§ **Problem**
The entries below contain pictures, which are to be left out; write out exactly, and only, the lines from the line with "Durante o ato, alguns" up to and including the line with "2017 1 0862383.7".

§ **Extracted information**
= = = =

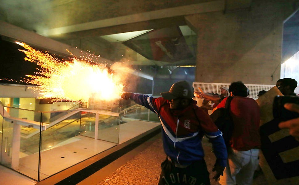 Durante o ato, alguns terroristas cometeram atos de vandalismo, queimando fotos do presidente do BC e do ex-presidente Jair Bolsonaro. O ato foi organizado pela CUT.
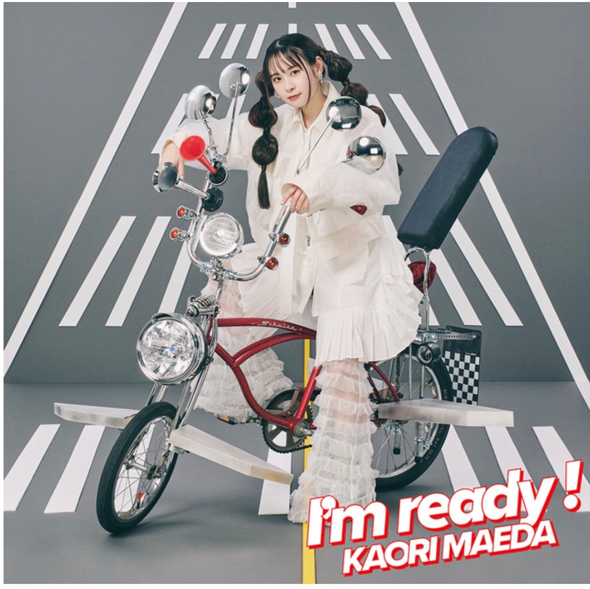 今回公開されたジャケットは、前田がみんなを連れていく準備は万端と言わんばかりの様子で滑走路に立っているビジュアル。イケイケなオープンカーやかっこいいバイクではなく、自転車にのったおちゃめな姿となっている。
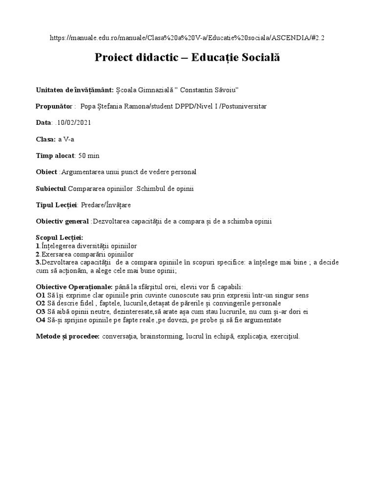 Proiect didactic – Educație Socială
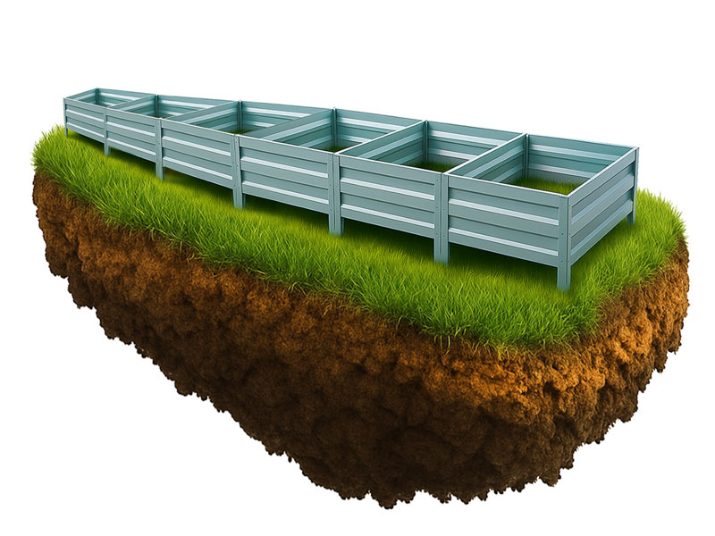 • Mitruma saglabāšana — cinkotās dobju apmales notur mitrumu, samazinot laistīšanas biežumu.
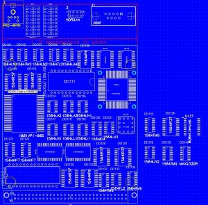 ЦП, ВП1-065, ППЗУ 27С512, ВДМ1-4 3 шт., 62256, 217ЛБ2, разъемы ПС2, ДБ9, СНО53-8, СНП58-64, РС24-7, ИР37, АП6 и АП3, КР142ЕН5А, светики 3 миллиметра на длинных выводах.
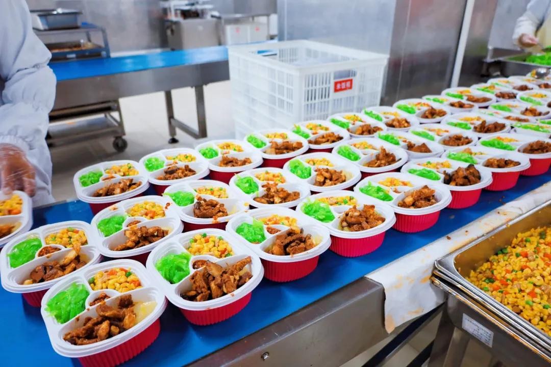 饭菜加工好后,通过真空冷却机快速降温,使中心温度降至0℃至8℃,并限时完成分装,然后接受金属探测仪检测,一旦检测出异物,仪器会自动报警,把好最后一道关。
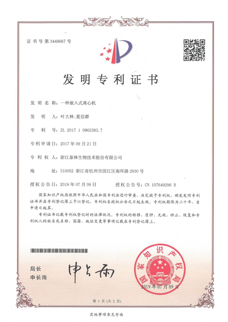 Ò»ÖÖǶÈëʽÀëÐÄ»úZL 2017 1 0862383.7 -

= = = =

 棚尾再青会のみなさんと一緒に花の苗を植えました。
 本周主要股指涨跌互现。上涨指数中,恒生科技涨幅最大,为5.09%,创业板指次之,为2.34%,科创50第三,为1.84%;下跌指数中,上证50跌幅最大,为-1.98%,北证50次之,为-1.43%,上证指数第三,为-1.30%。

= = = =

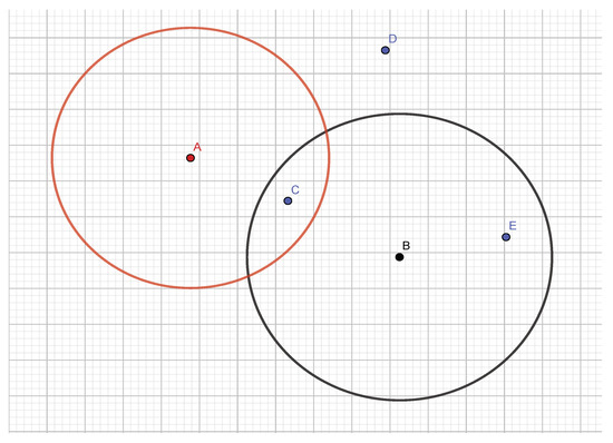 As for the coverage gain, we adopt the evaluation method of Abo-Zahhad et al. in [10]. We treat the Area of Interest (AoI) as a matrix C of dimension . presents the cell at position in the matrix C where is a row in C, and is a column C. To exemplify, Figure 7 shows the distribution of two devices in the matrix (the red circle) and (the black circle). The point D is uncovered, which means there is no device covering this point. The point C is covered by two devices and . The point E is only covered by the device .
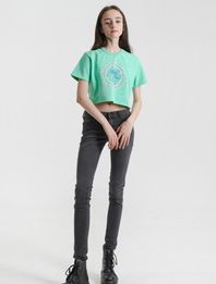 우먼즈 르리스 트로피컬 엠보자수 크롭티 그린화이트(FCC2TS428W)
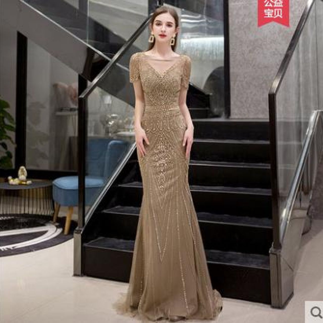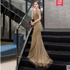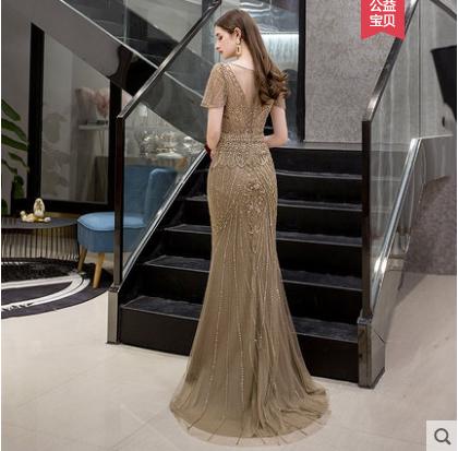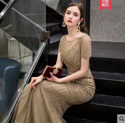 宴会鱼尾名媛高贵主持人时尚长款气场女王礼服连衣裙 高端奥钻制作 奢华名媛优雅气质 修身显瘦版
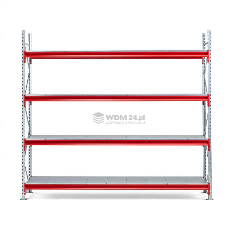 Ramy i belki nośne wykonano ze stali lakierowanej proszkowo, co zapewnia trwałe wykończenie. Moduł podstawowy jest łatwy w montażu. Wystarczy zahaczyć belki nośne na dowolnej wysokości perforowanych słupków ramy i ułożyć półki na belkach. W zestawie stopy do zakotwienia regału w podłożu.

= = = =

§ **Reply to the task**
 Durante o ato, alguns terroristas cometeram atos de vandalismo, queimando fotos do presidente do BC e do ex-presidente Jair Bolsonaro. O ato foi organizado pela CUT.
 今回公開されたジャケットは、前田がみんなを連れていく準備は万端と言わんばかりの様子で滑走路に立っているビジュアル。イケイケなオープンカーやかっこいいバイクではなく、自転車にのったおちゃめな姿となっている。
 Proiect didactic – Educație Socială
 • Mitruma saglabāšana — cinkotās dobju apmales notur mitrumu, samazinot laistīšanas biežumu.
 ЦП, ВП1-065, ППЗУ 27С512, ВДМ1-4 3 шт., 62256, 217ЛБ2, разъемы ПС2, ДБ9, СНО53-8, СНП58-64, РС24-7, ИР37, АП6 и АП3, КР142ЕН5А, светики 3 миллиметра на длинных выводах.
 饭菜加工好后,通过真空冷却机快速降温,使中心温度降至0℃至8℃,并限时完成分装,然后接受金属探测仪检测,一旦检测出异物,仪器会自动报警,把好最后一道关。
 Ò»ÖÖǶÈëʽÀëÐÄ»úZL 2017 1 0862383.7 -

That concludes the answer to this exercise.